The John P. and Kathrine G. McGovern Medical School, Department of Pediatrics, 6410 Fannin St Ste 1425, Houston, TX 77030, USA; Texas Forensic Nurse Examiners, 2990 Richmond Ste 180, Houston, TX 77098, USA.
Child Abuse Negl. 2024 Jan;147:106525. doi: 10.1016/j.chiabu.2023.106525. Epub 2023 Nov 9.
Texas Forensic Nurse Examiners (TXFNE) performs routine testing of genital and non-genital sites for Chlamydia trachomatis (CT) and Neisseria gonorrhoeae (NG), and further testing for other sexually transmitted pathogens. The current Centers for Disease Control and Prevention (CDC) guidelines recommend that testing be based primarily on patient history of type of sexual contact, patient age, community prevalence of sexually transmitted infections (STIs), perpetrator risk factors for STIs, and patient symptoms (Centers for Disease Control and Prevention, 2021). In this study, we were interested in determining whether our practice of testing all sites in all prepubertal patients presenting for sexual abuse for CT and NG resulted in identification of infections that would have been missed if testing had been limited to disclosed sites of sexual contact.
We conducted a retrospective chart review of all children younger than 14 years who presented to a clinical or hospital site for evaluation by TXFNE in Harris County or surrounding counties during the period January 2020-December 2021.
Of the 675 patients tested, 61 patients (9 %) had genital injuries and 45 patients (7 %) had either reported symptoms or examination findings consistent with possible STI infection. There were 11 patients who had positive gonorrhea and/or chlamydia results. Of the 11 patients with a positive result, 10 patients' reported history of type of contact did not fully match sites that tested positive. Diagnosis of STI infection would have been missed for 5 patients if testing had been limited to the disclosed sites of sexual contact.
Positive results for CT and NG at undisclosed body sites in children presenting with concern for sexual abuse most likely represent infection from sexual contact. Limiting STI testing based on disclosed contact may lead to missed NG and CT infections in prepubertal patients with concern for sexual abuse. This can lead to delayed treatment of the infection and a missed opportunity to ensure the safety of the child.
德克萨斯法医检查官(TXFNE)对生殖道和非生殖道部位进行沙眼衣原体(CT)和淋病奈瑟菌(NG)的常规检测,并进一步检测其他性传播病原体。目前,疾病控制与预防中心(CDC)的指南建议,检测主要基于患者的性接触类型、患者年龄、性传播感染(STI)的社区流行率、性传播感染的肇事者风险因素和患者症状(疾病控制与预防中心,2021)。在这项研究中,我们感兴趣的是确定我们对所有因性虐待而就诊的青春期前患者的所有部位进行 CT 和 NG 检测的做法是否会发现,如果仅对已披露的性接触部位进行检测,就会错过的感染。

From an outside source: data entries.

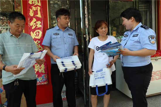 贈送手提袋只是該局眾多宣傳手段的一種?;顒娱_展以來,554個警務(wù)工作站的駐村民警、輔警已經(jīng)基本完成了所有家庭的入戶走訪,發(fā)放了反詐傳單50余萬份,1671個“警民一家親”微信群每天推送反詐騙現(xiàn)實案例、常識,顯示反電詐內(nèi)容的電子屏和標語橫幅隨處可見,鄉(xiāng)村大喇叭的霸氣喊話不絕于耳……
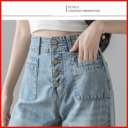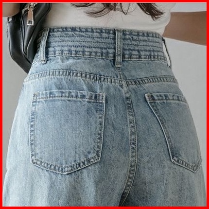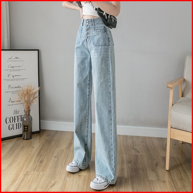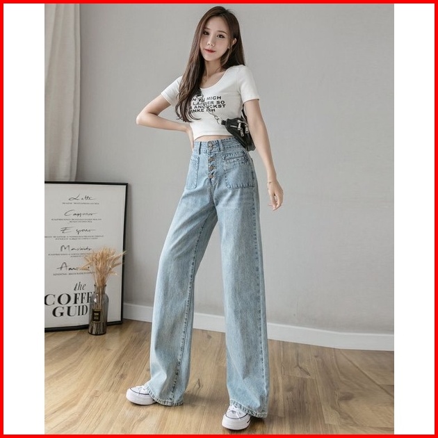 Celana Denim Kaki Lebar Pinggang Tinggi Wanita
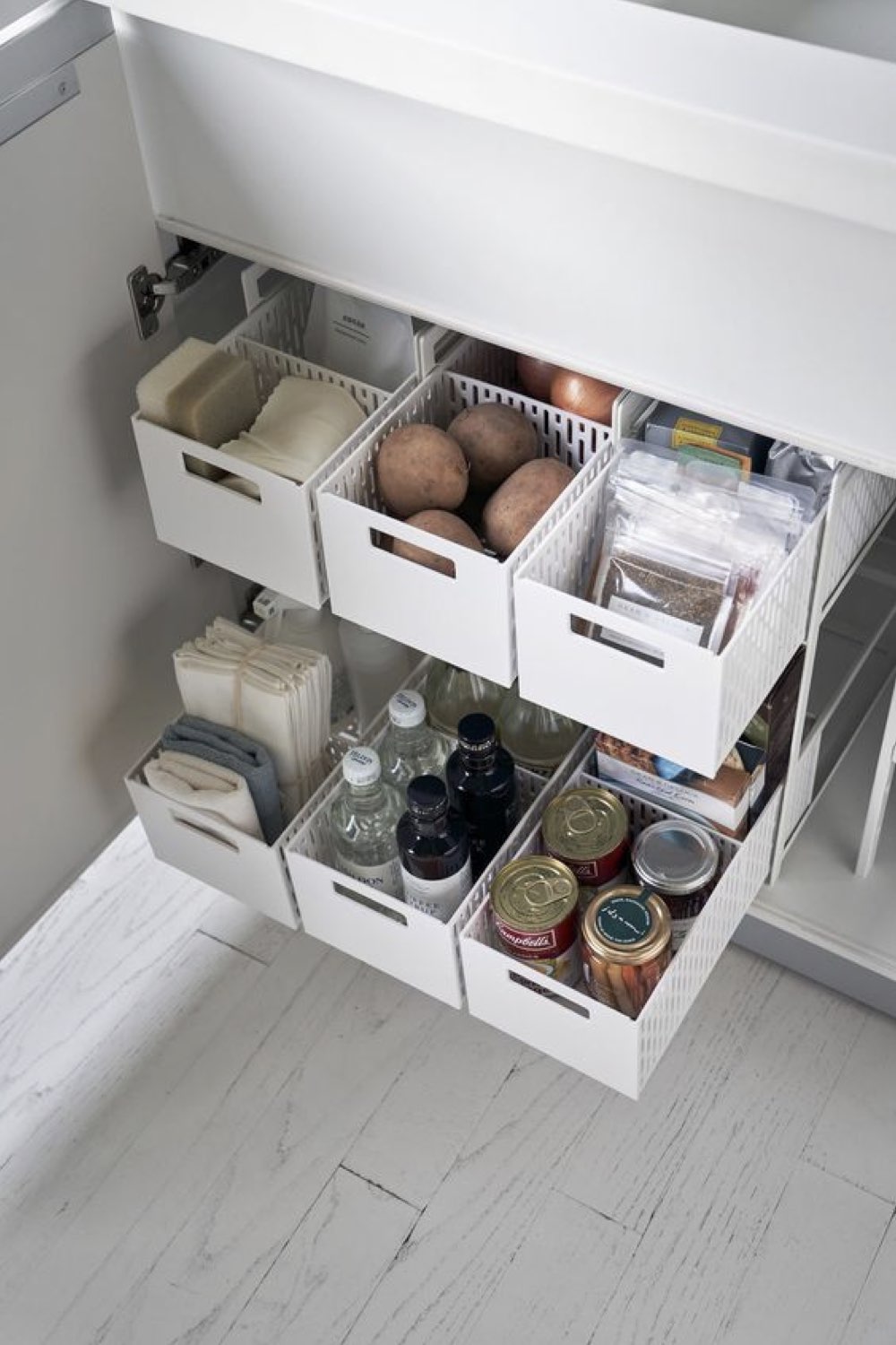 Avoir une pièce dédiée au garde-manger n'est pas donné à tout le monde. En général, les courses alimentaires trouvent leur place dans le frigo et dans l'un des meubles de la cuisine. Pour éviter que tout ne se mélange, rien de mieux que de choisir de petits paniers sans couvercle.
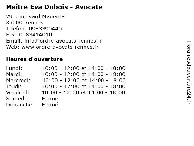 | Lundi | 10:00-12:00 et 14:00-18:00 |

我们对 2020 年 1 月至 2021 年 12 月期间在哈里斯县或周边县的临床或医院就诊的所有 14 岁以下儿童进行了回顾性病历审查。
在 675 名接受检测的患者中,有 61 名(9%)有生殖器损伤,45 名(7%)有报告的症状或检查结果与可能的 STI 感染一致。有 11 名患者淋病和/或衣原体检测结果阳性。在 11 名阳性结果患者中,有 10 名患者的接触史报告不完全与阳性检测部位匹配。如果仅对已披露的性接触部位进行检测,将有 5 名患者的 STI 感染诊断被遗漏。
在因性虐待而就诊的儿童中,未披露的身体部位出现 CT 和 NG 阳性结果,最有可能代表来自性接触的感染。基于已披露的接触来限制 STI 检测可能导致青春期前因性虐待而就诊的患者中淋病奈瑟菌和衣原体的感染被遗漏。这可能导致感染的治疗延迟,并错失确保儿童安全的机会。